-- Data segment --
********

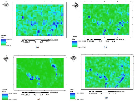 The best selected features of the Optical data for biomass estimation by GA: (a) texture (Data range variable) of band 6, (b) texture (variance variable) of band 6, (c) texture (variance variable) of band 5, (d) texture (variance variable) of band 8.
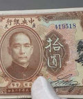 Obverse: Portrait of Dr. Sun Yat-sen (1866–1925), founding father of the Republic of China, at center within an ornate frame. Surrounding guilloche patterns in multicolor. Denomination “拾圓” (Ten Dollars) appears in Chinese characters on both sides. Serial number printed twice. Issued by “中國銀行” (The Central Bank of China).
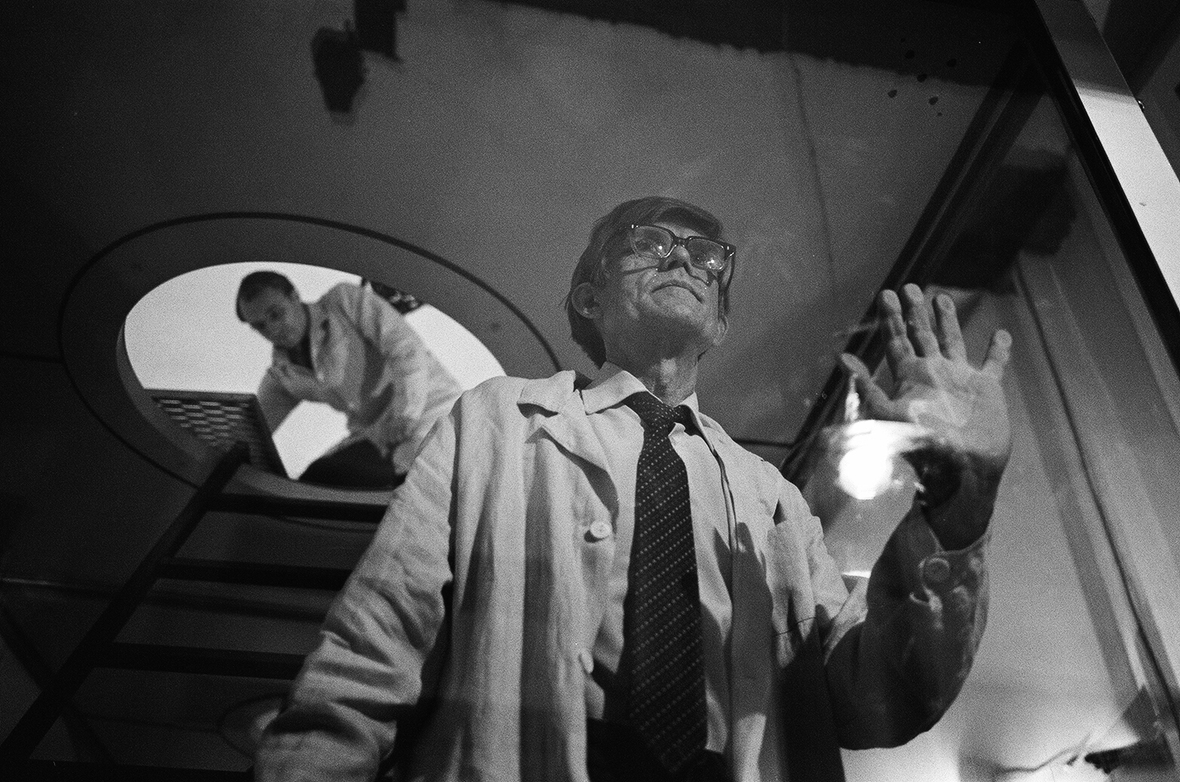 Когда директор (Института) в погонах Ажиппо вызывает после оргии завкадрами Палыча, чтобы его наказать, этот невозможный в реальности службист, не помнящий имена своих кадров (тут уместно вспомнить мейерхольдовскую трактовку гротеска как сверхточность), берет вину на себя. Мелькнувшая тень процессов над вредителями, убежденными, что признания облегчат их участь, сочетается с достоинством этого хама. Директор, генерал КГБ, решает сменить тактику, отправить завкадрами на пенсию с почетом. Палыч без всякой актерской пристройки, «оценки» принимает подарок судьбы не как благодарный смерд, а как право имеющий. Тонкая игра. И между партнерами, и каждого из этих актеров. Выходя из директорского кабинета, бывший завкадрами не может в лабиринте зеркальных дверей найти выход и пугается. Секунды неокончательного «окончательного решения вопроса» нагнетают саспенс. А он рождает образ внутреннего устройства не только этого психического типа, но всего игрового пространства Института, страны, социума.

********

-- What to do --
Could you repeat all of the data exactly, minus the pictures?

-- Result of this exercise --
 The best selected features of the Optical data for biomass estimation by GA: (a) texture (Data range variable) of band 6, (b) texture (variance variable) of band 6, (c) texture (variance variable) of band 5, (d) texture (variance variable) of band 8.
 Obverse: Portrait of Dr. Sun Yat-sen (1866–1925), founding father of the Republic of China, at center within an ornate frame. Surrounding guilloche patterns in multicolor. Denomination “拾圓” (Ten Dollars) appears in Chinese characters on both sides. Serial number printed twice. Issued by “中國銀行” (The Central Bank of China).
 Когда директор (Института) в погонах Ажиппо вызывает после оргии завкадрами Палыча, чтобы его наказать, этот невозможный в реальности службист, не помнящий имена своих кадров (тут уместно вспомнить мейерхольдовскую трактовку гротеска как сверхточность), берет вину на себя. Мелькнувшая тень процессов над вредителями, убежденными, что признания облегчат их участь, сочетается с достоинством этого хама. Директор, генерал КГБ, решает сменить тактику, отправить завкадрами на пенсию с почетом. Палыч без всякой актерской пристройки, «оценки» принимает подарок судьбы не как благодарный смерд, а как право имеющий. Тонкая игра. И между партнерами, и каждого из этих актеров. Выходя из директорского кабинета, бывший завкадрами не может в лабиринте зеркальных дверей найти выход и пугается. Секунды неокончательного «окончательного решения вопроса» нагнетают саспенс. А он рождает образ внутреннего устройства не только этого психического типа, но всего игрового пространства Института, страны, социума.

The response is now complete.